#### WORK REQUIRED
Every line from the one holding "この形を実現するには、フレー" through the one holding "Computational Complexity Analysis" in the data below must be returned exactly, both ends included, with pictures left out and nothing else added.

#### MATERIAL FOR THE TASK
──────
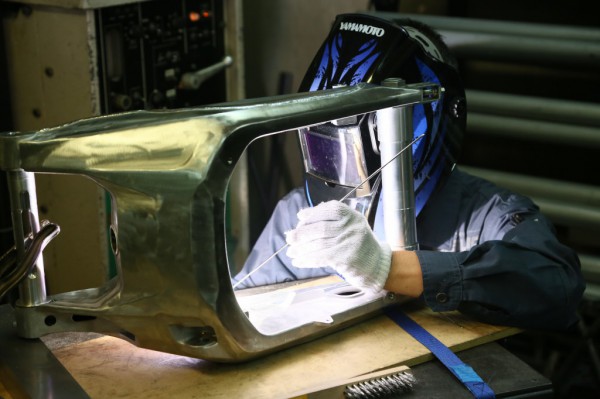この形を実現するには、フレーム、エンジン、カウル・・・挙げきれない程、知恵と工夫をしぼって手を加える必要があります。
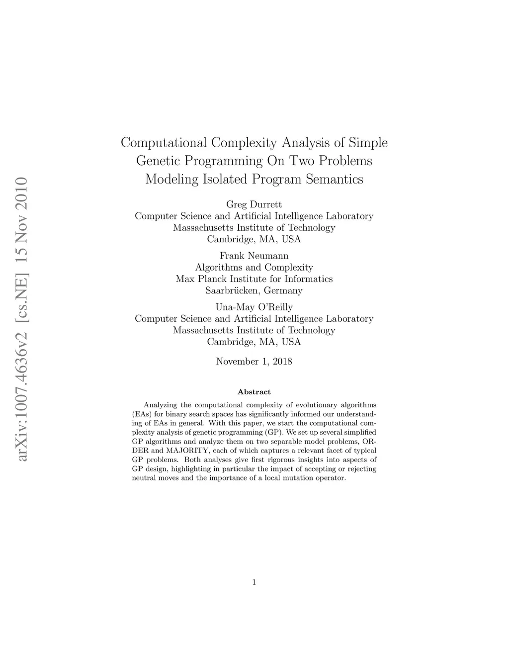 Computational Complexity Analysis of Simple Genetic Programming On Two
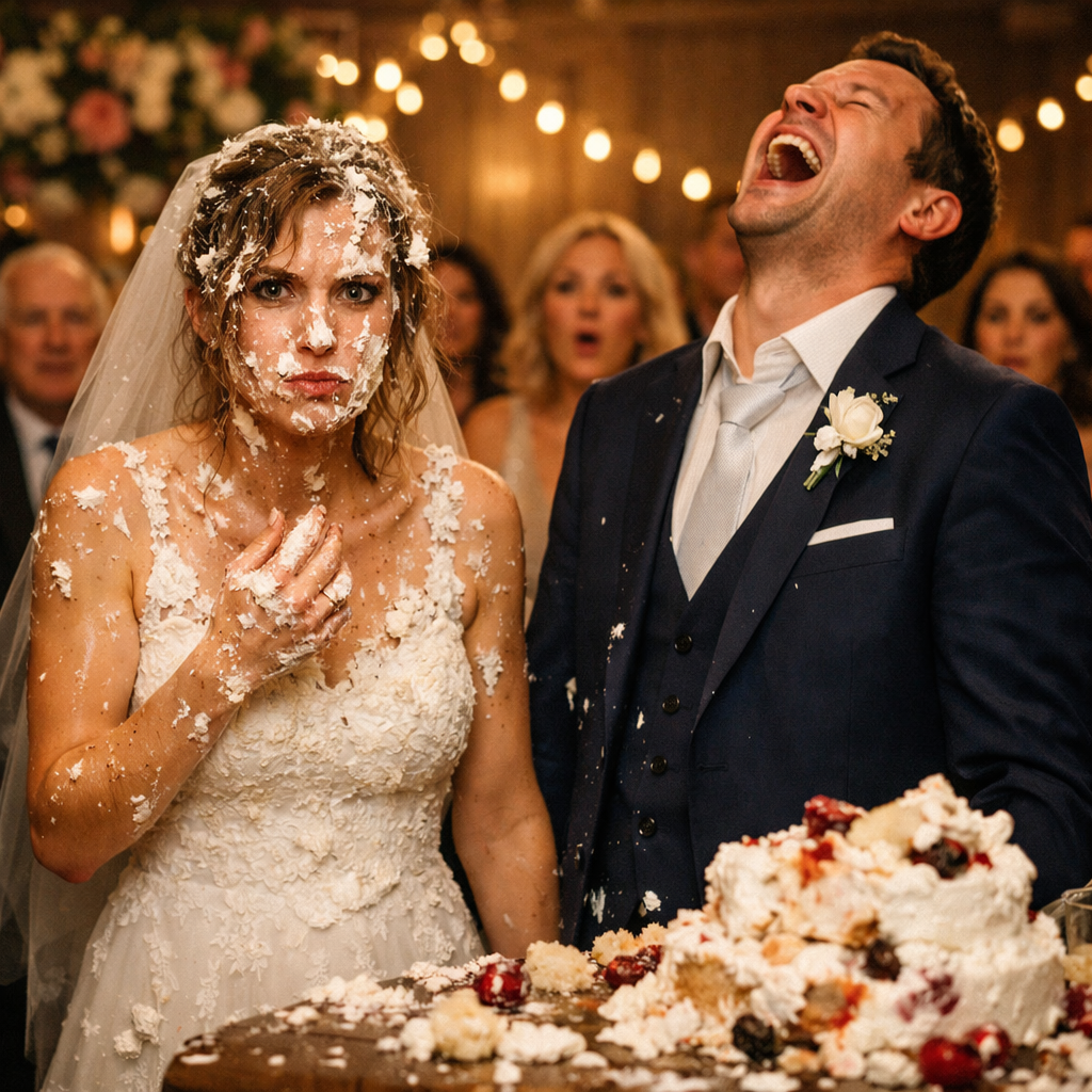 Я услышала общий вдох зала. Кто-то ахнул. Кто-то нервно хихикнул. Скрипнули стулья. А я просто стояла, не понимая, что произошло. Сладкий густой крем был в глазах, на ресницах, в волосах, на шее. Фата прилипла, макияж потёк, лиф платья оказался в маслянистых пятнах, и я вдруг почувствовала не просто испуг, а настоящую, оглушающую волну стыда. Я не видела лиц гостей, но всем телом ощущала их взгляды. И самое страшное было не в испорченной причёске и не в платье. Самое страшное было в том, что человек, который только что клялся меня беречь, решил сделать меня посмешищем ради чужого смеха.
──────
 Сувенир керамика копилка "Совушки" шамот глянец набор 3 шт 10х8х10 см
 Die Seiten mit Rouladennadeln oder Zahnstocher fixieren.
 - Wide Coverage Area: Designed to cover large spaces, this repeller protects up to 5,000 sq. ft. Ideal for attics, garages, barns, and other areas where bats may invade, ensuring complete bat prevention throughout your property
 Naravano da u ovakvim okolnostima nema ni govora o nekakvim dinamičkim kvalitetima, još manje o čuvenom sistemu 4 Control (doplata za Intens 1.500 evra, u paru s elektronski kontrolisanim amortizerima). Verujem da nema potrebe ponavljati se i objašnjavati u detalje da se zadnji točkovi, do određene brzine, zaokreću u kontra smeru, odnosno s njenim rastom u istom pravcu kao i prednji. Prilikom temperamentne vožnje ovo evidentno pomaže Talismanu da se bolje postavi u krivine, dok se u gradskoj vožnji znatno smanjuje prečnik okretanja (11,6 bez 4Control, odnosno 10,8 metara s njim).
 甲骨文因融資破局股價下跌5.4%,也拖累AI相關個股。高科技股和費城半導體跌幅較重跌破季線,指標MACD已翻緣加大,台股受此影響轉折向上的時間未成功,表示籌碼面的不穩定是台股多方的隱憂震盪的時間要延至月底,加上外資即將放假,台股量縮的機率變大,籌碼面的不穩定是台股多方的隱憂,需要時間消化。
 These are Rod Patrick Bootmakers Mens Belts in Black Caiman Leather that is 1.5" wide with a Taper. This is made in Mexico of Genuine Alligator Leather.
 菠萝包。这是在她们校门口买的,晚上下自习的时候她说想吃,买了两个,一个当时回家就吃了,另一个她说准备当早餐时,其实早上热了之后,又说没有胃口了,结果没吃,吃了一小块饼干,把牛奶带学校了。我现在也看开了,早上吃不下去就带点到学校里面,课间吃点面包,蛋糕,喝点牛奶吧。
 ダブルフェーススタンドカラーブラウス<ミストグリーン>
──────
#### SOLUTION
この形を実現するには、フレーム、エンジン、カウル・・・挙げきれない程、知恵と工夫をしぼって手を加える必要があります。
 Computational Complexity Analysis of Simple Genetic Programming On Two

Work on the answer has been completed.